This post got me thinking just how difficult it is to figure out how to report a bug. I mean, some people don't even know what a "bug" is. The OP says to look at how Mozilla does it. They call it sending "feedback." Even if you got that, you won't find anything on ubuntu.com. You have to dig into the wiki. Our website is in the same boat. And even if you figure out to use ubuntu-bug, the pages on the subject go on forever.

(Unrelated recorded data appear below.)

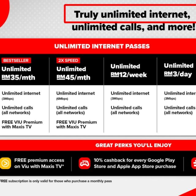 Does it sound too good to be true? The company offers reliable network and all that a the variety of plans included maxis prepaid, postpaid and internet plans. Maxis has recently introduced its prepaid unlimited offering that promises to offer truly unlimited internet with unlimited calls. Choose from a variety of unlimited data, talk and text wirelss plans including mix and match, prepaid and family plans. Grab the best maxis broadband deals at ringgitplus!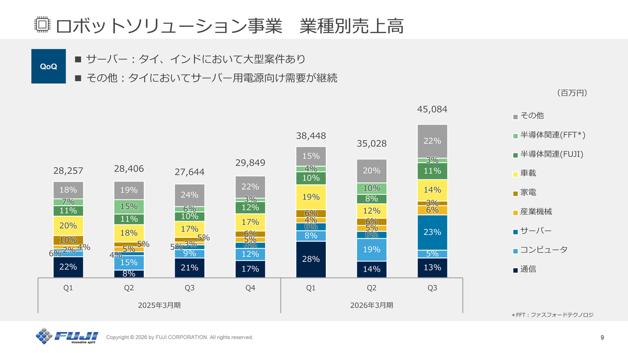 加納淳一氏:取締役専務執行役員コーポレート本部本部長の加納です。第3四半期の受注高は、ロボットソリューション事業全体で約539億円、ファスフォードテクノロジ単体で約73億円でした。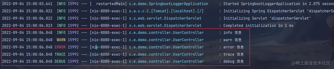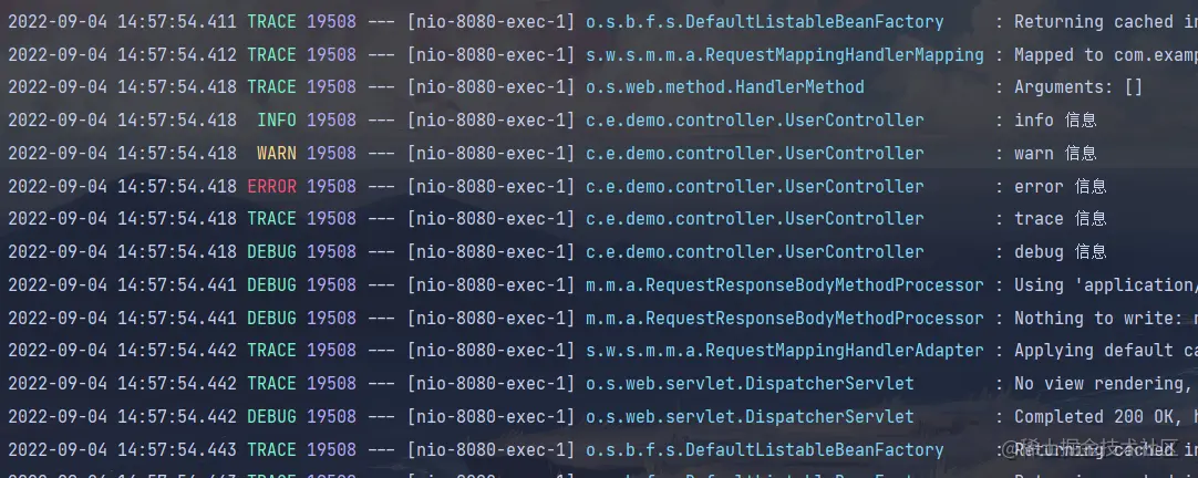 演示结果:只有 UserController 类的日志级别被设置为了 trace,其他的类不影响
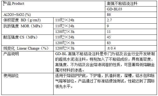 使用部位:高純鋁熔煉爐熔池、流槽、除氣過(guò)濾箱體。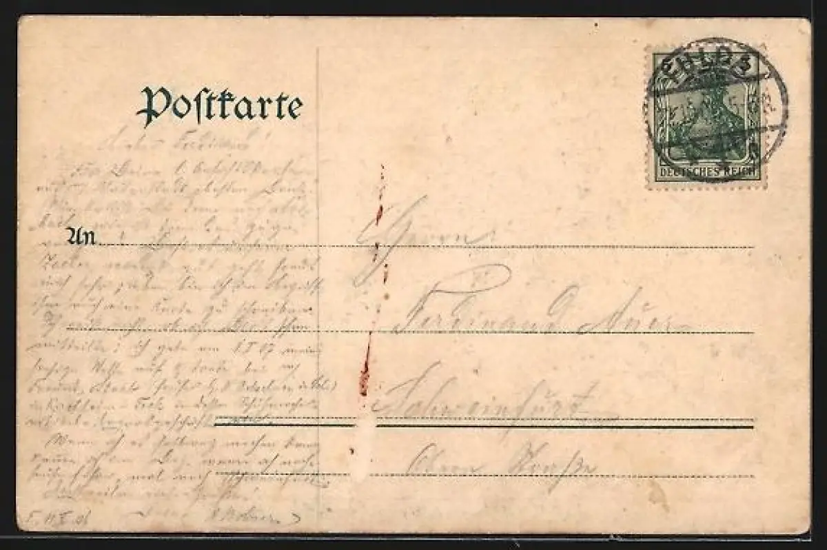 alte Ansichtskarte, gelaufen, rückseitig Oberflächenschaden, guter Zustand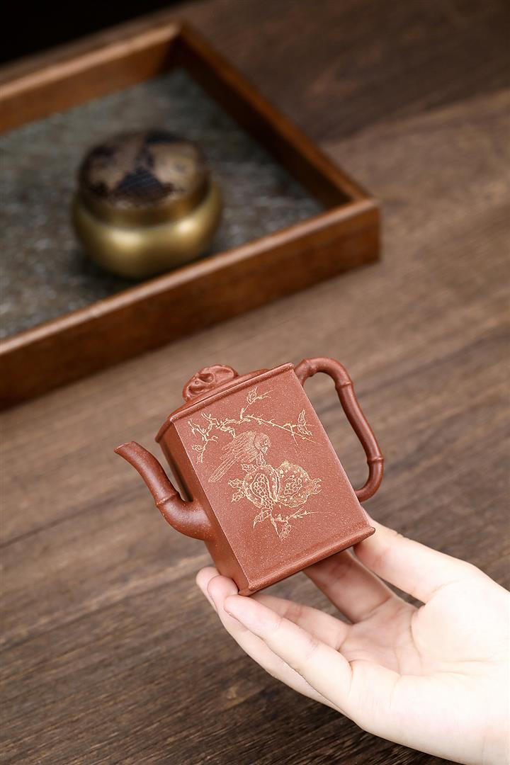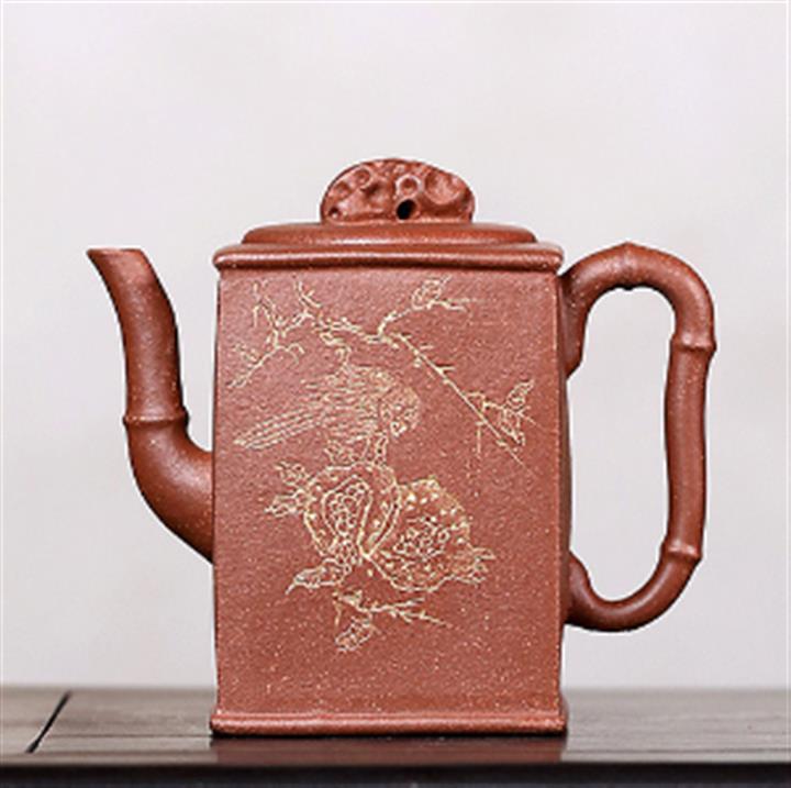 400cc原礦墨綠泥刻繪如意松趣茶壺POT8304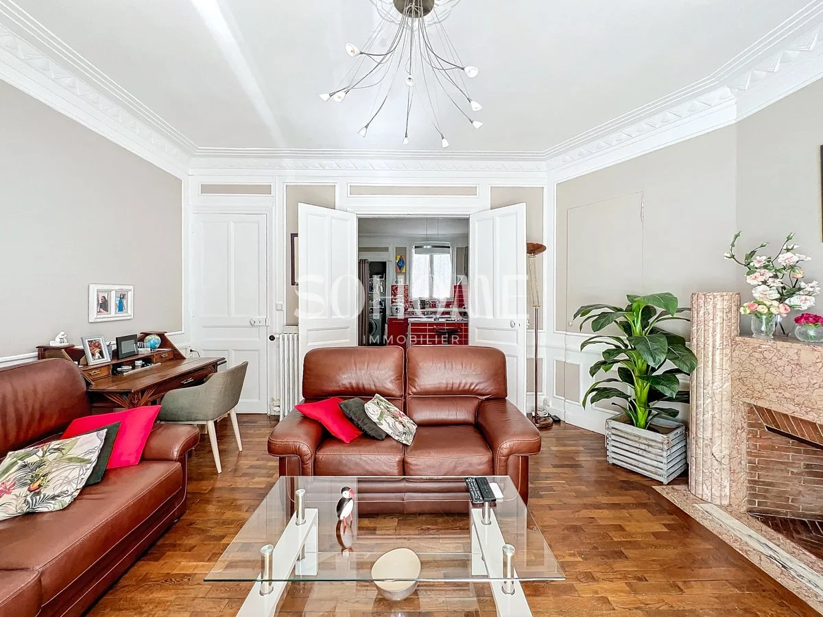 Ce bel appartement situé en hyper centre de Reims et récemment rénové a su conserver tout le cachet de l’ancien avec notamment ses parquets massifs, ses cimaises et ses belles cheminées d’époque.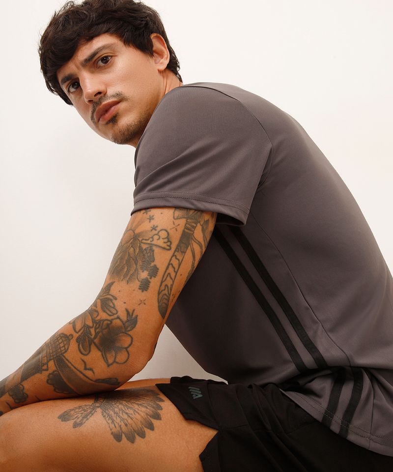 Sugestões de Uso e Combinações Para um look de academia completo, combine esta camiseta esportiva com um shorts de performance e seu tênis favorito. A versatilidade da peça também permite o uso em momentos casuais, como uma caminhada no parque ou em atividades do dia a dia, bastando combiná-la com uma bermuda de moletom ou calça jogger para um visual despojado e confortável.

To make it easy for Joe User to report a bug, we should walk them through it. There should be GUI elements to initiate the process. I'm thinking a simple interactive program (it could easily be a kdialog-powered shell script!) would do the trick. The workflow might be something like:
- Open program
- Provide information about bugs versus support and ask which they need
- If bug, continue
- If support, provide links
- Provide notice that a Launchpad account is required and ask if they need to create one
- If yes, do so and return
- If no, continue
- Explain we will collect information from the system to add to the bug report and check if they have experienced the bug on this machine. Ask them to reproduce it before continuing
- Tell them to be prepared to explain steps to reproduce, expected results, actual results
- Provide options to determine package
- If they know the package or program name, use a combination of binary names and/or Desktop Entry Name/GenericNames
- If they do not know the above, but it's running, provide an option to select a window
- If they have no clue, file a generic bug against meta
This could be on the Desktop by default, as well as in the menu, perhaps in an uncategorized state below About LXQt, so it stands out really nice. We could use a bug icon.
This is quite possibly something we could work on with other flavors, too.
I think getting this into 20.04 would be huge.